1 【転生と僕】
第2話です。
お話を作るのって難しいですね。
「うわぁぁぁJesus!!」
飛び起きた先は、一面 真っ白。僕は死んだはずで…。
僕はご丁寧にも、真っ白のベッドに横たわっていた。
「…病院か?」
有り得る。ものすごく有り得る。
僕はすごくデキる男だから、生き残ってしまったのかもしれない。
「まぁ、神様もこんな僕を簡単に殺すわけ──」
「残念だけど、違うよ。」
静寂を搔き消したのは、不思議な声。声がした方へ顔を向けると、ベッドの横に年幅のいかない少年が立っていた。白いターバンを巻いた異国の男の子。
「君は…?」
「…」
少年は異国の風貌をしていながら、僕の方をじっと見つめていた。
「もしや、これは君のおかげか?それはお手数お掛けした、すまない!」
「いいよ。それよりも、僕の事だっけ?」
目の前にいるのは少年……だと思うのだが。
その子から発せられる声音は、低くも高くもない中性的な声だった。踊り子のような服に、小麦色の肌。

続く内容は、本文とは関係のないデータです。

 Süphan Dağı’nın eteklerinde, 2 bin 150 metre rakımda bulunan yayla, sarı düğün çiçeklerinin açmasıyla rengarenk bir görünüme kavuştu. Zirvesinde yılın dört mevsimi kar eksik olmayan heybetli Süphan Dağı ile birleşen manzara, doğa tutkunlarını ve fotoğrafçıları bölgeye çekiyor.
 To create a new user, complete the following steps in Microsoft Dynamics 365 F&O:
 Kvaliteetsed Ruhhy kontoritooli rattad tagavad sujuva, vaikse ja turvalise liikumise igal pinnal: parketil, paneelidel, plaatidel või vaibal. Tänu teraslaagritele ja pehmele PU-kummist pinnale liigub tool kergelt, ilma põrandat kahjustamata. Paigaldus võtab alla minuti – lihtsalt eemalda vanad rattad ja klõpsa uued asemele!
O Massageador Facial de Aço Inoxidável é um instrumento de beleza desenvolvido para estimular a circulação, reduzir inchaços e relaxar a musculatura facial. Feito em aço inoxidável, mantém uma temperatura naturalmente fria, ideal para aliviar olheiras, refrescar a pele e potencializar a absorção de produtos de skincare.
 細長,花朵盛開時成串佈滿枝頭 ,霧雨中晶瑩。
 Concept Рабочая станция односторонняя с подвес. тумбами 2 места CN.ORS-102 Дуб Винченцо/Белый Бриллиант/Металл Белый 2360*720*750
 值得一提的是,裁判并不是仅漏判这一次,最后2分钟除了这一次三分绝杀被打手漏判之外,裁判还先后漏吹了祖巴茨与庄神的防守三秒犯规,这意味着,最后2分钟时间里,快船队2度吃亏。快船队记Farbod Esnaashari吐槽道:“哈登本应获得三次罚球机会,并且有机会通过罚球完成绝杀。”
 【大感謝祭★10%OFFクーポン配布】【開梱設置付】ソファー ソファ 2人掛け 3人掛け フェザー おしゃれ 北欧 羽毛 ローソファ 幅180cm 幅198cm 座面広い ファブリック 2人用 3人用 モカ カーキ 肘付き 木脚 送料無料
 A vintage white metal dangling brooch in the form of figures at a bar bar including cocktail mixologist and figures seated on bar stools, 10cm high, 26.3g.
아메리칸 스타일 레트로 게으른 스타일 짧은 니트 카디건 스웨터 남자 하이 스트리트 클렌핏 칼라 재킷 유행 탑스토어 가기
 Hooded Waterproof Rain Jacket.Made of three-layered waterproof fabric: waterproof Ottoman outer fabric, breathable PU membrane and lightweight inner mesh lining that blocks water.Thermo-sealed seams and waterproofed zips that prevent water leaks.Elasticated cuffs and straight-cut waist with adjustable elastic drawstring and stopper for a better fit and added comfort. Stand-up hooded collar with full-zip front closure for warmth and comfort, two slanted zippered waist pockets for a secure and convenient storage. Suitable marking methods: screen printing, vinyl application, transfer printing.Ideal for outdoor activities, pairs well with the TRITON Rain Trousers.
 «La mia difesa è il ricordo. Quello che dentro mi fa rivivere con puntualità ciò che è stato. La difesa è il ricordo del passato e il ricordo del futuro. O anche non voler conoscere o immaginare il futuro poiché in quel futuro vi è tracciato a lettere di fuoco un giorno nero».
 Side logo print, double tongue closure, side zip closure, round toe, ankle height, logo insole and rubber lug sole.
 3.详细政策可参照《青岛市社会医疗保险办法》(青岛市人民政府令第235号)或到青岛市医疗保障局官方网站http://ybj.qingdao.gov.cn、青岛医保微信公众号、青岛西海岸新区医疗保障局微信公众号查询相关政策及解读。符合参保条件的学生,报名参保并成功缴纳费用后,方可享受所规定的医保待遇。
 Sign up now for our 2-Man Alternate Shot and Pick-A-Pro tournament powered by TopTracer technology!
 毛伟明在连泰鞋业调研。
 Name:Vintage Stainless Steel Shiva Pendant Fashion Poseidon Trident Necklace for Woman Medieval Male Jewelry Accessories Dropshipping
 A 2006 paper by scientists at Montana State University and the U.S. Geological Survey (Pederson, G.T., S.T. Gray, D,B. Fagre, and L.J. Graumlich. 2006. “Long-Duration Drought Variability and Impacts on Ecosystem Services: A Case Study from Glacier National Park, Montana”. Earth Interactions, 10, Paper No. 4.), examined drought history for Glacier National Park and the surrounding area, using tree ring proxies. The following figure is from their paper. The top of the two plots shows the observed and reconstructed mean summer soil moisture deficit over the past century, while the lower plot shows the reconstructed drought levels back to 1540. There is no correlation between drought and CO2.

プラチナブロンドのサラサラとした髪は、宝石のように光る碧眼によく似合っていた。
こういうファッション……なんて言うのだろう。
頭でも打ったのかな。僕は「Oh、アラビア〜ン……」という感想だけ呟いた。
少年はしばらく僕を無表情で見つめた後、屈託のない笑顔を近づけた。
「僕はアサーヴ。簡単に言うと、神様さ!」
……彼は、厨二病かな????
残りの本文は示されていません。